### Material provided
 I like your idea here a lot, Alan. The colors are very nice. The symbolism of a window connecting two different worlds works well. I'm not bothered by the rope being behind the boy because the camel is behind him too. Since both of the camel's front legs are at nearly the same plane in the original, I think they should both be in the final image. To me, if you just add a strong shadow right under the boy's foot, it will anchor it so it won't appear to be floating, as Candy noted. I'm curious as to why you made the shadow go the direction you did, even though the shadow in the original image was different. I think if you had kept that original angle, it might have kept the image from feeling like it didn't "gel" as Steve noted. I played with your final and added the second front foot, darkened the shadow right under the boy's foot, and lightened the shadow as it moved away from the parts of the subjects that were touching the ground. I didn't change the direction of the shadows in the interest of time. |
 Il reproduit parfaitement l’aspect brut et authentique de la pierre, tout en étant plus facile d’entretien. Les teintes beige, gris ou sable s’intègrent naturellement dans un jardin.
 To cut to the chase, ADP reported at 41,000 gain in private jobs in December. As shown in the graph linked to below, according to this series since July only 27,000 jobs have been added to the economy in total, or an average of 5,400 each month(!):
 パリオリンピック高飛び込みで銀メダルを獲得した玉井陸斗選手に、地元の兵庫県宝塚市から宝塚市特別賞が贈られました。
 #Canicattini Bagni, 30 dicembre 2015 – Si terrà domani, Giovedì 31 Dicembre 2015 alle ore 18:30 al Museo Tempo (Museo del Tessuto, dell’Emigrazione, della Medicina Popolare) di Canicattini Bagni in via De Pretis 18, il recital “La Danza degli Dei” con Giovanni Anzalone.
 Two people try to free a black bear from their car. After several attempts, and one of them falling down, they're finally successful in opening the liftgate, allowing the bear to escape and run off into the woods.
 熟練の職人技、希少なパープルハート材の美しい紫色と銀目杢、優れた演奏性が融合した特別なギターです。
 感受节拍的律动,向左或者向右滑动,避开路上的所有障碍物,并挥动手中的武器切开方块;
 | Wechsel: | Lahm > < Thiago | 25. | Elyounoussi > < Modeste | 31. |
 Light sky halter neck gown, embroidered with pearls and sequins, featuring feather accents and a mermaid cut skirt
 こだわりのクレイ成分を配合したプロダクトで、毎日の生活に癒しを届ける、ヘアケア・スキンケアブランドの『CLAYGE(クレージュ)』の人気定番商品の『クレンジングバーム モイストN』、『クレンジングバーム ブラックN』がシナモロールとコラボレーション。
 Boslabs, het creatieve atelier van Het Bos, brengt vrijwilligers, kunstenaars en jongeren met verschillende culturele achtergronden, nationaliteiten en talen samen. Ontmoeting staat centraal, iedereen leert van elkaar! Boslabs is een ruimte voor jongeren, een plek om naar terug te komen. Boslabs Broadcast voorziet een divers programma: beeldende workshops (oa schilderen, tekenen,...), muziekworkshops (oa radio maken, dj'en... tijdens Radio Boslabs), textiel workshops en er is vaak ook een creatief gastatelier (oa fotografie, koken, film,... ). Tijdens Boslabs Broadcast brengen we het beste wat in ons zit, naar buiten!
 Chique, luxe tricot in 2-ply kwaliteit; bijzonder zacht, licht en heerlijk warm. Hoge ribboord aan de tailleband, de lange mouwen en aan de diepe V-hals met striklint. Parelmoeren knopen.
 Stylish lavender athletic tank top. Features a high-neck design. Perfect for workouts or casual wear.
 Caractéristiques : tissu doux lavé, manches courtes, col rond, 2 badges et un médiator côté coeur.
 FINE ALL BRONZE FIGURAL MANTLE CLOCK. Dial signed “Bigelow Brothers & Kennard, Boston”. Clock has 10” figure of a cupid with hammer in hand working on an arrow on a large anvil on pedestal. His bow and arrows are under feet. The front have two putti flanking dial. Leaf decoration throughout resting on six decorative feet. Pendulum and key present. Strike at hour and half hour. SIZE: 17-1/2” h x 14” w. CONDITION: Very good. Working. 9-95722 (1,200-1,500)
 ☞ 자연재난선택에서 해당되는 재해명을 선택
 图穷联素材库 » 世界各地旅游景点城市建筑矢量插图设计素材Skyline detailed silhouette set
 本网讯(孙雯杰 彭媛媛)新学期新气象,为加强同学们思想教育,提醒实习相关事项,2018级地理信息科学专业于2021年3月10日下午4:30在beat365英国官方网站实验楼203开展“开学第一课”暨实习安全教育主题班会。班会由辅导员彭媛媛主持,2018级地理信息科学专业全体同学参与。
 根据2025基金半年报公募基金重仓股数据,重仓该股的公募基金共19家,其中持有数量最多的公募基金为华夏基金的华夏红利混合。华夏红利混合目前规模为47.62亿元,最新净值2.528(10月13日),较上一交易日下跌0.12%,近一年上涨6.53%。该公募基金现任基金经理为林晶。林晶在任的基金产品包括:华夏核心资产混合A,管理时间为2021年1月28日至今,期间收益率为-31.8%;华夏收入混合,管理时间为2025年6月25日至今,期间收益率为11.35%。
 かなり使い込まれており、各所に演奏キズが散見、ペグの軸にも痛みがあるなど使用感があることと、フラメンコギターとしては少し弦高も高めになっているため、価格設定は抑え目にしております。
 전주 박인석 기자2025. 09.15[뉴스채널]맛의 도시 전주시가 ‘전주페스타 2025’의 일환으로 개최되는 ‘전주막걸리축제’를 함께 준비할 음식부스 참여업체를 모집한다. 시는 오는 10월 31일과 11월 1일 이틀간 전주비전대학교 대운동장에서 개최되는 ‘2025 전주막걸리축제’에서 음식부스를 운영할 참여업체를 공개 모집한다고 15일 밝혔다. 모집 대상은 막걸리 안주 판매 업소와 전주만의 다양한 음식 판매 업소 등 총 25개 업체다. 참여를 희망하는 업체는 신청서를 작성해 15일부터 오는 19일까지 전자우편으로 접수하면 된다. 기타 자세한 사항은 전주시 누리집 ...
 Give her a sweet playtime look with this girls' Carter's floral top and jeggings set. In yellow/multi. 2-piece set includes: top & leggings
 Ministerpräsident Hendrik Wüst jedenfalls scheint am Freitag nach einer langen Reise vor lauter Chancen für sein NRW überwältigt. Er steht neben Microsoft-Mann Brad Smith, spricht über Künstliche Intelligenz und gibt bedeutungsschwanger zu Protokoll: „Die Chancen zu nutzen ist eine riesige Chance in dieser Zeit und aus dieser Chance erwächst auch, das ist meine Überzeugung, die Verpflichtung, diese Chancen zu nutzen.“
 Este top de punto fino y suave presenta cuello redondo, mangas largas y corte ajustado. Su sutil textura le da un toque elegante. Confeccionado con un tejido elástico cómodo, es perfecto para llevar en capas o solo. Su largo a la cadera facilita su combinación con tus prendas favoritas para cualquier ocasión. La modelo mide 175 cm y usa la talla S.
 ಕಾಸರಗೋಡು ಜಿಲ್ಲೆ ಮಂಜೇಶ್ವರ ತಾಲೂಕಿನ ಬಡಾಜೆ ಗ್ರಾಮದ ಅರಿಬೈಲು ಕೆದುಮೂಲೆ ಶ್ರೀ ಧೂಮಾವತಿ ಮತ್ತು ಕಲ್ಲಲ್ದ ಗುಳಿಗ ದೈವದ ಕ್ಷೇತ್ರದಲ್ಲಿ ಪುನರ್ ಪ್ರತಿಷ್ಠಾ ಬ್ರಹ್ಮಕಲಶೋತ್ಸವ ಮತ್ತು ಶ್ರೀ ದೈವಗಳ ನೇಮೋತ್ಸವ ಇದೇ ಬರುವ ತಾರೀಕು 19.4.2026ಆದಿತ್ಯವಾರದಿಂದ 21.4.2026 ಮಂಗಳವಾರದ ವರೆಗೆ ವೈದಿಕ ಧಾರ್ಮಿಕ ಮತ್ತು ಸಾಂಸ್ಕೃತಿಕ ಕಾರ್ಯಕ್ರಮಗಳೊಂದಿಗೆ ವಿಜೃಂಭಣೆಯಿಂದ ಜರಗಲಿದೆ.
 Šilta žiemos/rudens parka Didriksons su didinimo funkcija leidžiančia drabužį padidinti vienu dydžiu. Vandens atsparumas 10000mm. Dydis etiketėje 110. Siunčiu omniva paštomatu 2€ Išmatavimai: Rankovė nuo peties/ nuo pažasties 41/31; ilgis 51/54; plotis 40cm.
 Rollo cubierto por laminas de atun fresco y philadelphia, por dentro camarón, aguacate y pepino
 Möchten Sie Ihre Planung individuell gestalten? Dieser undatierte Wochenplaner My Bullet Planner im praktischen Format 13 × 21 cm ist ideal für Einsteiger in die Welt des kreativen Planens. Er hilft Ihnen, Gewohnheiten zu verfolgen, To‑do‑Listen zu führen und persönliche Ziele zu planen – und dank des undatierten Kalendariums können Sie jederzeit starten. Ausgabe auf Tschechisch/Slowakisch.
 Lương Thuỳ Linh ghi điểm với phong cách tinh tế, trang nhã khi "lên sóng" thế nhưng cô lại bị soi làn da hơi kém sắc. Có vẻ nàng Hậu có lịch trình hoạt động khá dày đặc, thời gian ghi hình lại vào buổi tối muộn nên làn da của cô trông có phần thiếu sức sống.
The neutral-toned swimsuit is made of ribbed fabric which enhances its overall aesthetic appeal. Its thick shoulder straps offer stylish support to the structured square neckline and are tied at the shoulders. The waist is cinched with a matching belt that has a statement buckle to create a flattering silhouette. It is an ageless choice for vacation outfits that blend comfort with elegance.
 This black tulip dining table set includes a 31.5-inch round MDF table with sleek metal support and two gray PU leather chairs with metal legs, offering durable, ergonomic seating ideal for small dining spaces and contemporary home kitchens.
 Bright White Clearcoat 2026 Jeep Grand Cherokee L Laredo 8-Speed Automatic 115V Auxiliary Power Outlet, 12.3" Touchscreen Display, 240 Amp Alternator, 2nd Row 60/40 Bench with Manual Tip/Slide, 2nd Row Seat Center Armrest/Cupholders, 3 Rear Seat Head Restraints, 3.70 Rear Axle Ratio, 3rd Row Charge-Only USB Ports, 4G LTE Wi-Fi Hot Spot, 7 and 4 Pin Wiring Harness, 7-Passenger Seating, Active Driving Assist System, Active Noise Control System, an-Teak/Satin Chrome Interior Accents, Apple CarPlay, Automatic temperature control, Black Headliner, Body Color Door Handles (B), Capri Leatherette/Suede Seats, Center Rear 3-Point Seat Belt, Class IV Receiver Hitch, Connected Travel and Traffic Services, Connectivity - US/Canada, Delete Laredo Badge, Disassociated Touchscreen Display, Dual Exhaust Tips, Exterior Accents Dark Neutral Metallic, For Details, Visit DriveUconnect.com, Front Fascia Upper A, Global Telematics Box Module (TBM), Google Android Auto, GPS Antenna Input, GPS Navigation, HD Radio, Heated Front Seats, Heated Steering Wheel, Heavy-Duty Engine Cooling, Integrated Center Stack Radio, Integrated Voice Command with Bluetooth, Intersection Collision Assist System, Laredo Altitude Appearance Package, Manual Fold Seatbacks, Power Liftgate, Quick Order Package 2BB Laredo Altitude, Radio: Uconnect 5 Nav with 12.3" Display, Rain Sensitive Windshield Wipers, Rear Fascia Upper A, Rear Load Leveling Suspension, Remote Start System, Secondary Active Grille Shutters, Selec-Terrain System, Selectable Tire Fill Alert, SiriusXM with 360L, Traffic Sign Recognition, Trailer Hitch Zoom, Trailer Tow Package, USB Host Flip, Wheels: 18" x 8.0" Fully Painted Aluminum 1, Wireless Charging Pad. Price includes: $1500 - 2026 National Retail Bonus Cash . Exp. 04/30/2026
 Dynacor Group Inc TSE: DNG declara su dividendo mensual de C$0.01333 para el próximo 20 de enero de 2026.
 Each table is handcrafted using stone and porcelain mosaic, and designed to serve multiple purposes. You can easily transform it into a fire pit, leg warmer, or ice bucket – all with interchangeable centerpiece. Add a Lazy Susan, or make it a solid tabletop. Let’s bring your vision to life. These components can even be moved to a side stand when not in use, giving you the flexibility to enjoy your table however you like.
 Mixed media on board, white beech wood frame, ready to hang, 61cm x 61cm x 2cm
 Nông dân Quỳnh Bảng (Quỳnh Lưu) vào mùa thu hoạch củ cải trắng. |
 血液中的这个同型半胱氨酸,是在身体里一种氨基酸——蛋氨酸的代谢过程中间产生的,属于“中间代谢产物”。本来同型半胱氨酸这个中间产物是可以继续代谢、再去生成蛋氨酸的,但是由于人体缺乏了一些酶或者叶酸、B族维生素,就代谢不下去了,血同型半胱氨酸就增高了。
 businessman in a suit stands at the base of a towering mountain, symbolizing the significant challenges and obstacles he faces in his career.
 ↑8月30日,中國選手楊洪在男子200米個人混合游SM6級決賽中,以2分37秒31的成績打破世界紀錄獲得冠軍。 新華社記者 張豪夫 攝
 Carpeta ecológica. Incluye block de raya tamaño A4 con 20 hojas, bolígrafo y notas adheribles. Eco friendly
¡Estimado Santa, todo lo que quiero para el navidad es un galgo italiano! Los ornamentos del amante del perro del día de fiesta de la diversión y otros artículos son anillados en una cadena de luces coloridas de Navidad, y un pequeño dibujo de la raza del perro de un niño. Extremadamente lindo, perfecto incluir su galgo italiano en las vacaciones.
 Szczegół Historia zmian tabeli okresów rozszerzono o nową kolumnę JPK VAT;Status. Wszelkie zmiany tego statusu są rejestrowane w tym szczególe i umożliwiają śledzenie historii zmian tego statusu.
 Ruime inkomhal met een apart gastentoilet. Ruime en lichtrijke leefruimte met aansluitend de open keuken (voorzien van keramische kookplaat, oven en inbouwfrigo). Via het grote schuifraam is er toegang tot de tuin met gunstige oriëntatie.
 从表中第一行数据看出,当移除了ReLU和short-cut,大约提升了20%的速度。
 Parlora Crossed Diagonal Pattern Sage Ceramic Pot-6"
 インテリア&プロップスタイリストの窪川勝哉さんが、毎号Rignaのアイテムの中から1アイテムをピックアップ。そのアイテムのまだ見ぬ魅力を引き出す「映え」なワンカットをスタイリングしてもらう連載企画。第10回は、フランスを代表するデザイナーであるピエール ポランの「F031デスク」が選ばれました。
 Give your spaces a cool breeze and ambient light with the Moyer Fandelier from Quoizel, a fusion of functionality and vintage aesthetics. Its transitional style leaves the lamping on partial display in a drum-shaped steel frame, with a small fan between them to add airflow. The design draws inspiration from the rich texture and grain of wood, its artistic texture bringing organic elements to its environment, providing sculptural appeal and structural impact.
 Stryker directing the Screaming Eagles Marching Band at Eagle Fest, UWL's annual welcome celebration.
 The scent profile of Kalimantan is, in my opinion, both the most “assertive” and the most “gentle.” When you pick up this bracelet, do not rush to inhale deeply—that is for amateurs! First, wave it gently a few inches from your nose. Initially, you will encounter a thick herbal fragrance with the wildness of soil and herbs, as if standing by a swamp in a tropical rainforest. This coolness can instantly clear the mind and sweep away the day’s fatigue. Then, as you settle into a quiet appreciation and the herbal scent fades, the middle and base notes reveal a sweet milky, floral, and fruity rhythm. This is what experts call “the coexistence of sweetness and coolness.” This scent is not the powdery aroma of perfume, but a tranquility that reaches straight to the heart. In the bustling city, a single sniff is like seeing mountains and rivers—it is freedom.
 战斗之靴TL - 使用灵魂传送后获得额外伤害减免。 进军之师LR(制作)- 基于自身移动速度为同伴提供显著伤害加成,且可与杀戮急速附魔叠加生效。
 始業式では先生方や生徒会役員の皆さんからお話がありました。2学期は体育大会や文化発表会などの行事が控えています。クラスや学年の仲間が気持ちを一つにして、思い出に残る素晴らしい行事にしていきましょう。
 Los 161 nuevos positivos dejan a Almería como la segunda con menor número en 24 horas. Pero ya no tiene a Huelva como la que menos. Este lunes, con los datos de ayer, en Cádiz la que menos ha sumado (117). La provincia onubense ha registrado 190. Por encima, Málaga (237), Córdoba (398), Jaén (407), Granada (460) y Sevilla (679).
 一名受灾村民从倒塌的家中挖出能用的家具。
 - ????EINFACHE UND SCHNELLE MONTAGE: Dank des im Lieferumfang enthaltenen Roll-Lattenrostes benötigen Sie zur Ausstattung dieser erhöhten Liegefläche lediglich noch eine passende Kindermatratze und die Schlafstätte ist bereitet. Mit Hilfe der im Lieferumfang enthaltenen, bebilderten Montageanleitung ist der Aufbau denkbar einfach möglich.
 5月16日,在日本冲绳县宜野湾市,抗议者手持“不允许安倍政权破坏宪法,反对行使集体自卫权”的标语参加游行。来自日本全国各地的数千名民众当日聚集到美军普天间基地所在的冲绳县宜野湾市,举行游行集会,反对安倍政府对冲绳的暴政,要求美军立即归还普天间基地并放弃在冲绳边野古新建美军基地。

### Required work
Report all lines in the listing above that contain the word "spaces".

### Finished exercise
 This black tulip dining table set includes a 31.5-inch round MDF table with sleek metal support and two gray PU leather chairs with metal legs, offering durable, ergonomic seating ideal for small dining spaces and contemporary home kitchens.
 Give your spaces a cool breeze and ambient light with the Moyer Fandelier from Quoizel, a fusion of functionality and vintage aesthetics. Its transitional style leaves the lamping on partial display in a drum-shaped steel frame, with a small fan between them to add airflow. The design draws inspiration from the rich texture and grain of wood, its artistic texture bringing organic elements to its environment, providing sculptural appeal and structural impact.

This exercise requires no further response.